Review text and stars are a lagging signal for logistics. Investing in ETA reliability and proactive comms (delay notices) often beats reactive review moderation for marketplace trust.

Recommendation — delivery experience

Tie carrier incentives to on-time delivery (not only dispatch); add buffer to estimates in high-variance lanes; surface late-risk orders to ops before the customer leaves a 1★ review.

Evidence — review score vs on-time / late

How to read this: each pair of bars is the share of orders earning that star rating, split by late (orange) vs on-time (green). The left spike shows late orders piling into 1★. Use Technical (SQL) for correlation and cohort counts.

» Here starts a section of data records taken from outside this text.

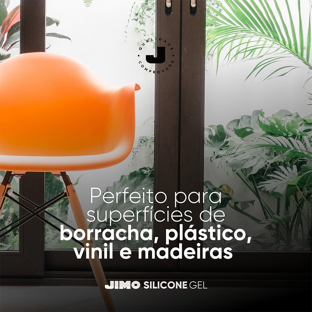 Jimo Silicone Gel é um produto a base de silicone em meio aquoso, especialmente formulado para proteger, conservar e dar brilho aos materiais, destacando e renovando a cor de borrachas, plásticos, vinis, madeiras e outras superfícies.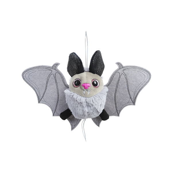 Если вам кажется, что летучая мышь — это не самое милое создание, посмотрите на эту игрушку. Мышь Мэлис безобидна и симпатична. У нее розовый носик, пушистое тельце, выразительные блестящие глазки-бусины и ушки, отделанные блестящей тканью. Конечно, летучая мышь не может обойтись без крыльев. Они выполнены из мягкого, приятного на ощупь материала. Серая Мэлис порадует ребенка мягкостью и приятным видом.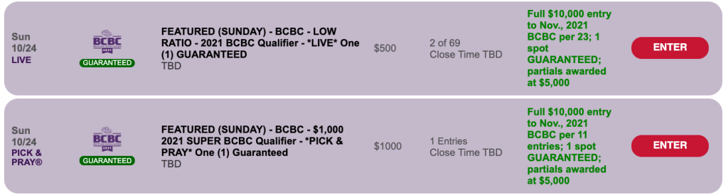 Or…you could double your theoretical chances by doubling your (non-theoretical) entry fee. Our Super Low Ratio BCBC Pick & Pray, costs $1,000 per entry, and the winning ratio is 1-per-11. Again, one seat is guaranteed.

-- Delivery delay vs review score (Snowflake · OLIST.RAW)
WITH delays AS (
  SELECT
    DATEDIFF('day', o.order_estimated_delivery_date,
             o.order_delivered_customer_date)     AS delivery_delay_days,
    r.review_score
  FROM ORDERS o
  JOIN ORDER_REVIEWS r USING (order_id)
  WHERE o.order_status = 'delivered'
    AND o.order_delivered_customer_date IS NOT NULL
    AND o.order_estimated_delivery_date IS NOT NULL  -- avoid NULL in DATEDIFF
)
SELECT
  ROUND(CORR(delivery_delay_days, review_score), 3) AS pearson_r,
  ROUND(AVG(CASE WHEN delivery_delay_days > 0
                 THEN review_score END), 2)          AS avg_score_late,
  ROUND(AVG(CASE WHEN delivery_delay_days <= 0
                 THEN review_score END), 2)          AS avg_score_ontime,
  SUM(CASE WHEN delivery_delay_days > 0
           THEN 1 ELSE 0 END)                        AS late_order_count,
  COUNT(*)                                           AS total_orders
FROM delays;
-- pearson_r = -0.266 | avg_score_late = 2.57 | avg_score_ontime = 4.29
-- 7,661 late orders (8.0%) | 46.2% receive 1-star ratings

Context — deliverable

The analysis rolls up into a single executive-ready view: BI dashboards connect seller risk, freight leakage, and delivery/review proof so leadership can prioritise SLA enforcement, logistics pilots, and customer trust in one place.

Olist Power BI Dashboard: Seller Risk and Freight Leakage

Sustainable Growth

How do I act on this?

Seller risk tiers, freight leakage signals, and delivery-vs-review proof are aggregated in Power BI as an executive decision layer, with a phased 30 / 60 / 90-day plan to instrument, pilot, and scale.

Strategic insight

A static PDF ages quickly; a published dashboard (or embed) keeps KPIs tied to refreshed warehouse data so product and ops iterate on the same numbers — especially as carrier mix and seller base change seasonally.

30 days

Instrument and monitor

Track dispatch percentiles, freight-ratio hotspots, and delivery-delay sentiment in Power BI.

60 days

Pilot SLA + shipping policy

Hold SLA for High Risk sellers and run tiered shipping pilots with A/B rollout.

90 days

Scale winning interventions

Expand successful policies to regions/categories with the highest customer pain + margin leakage.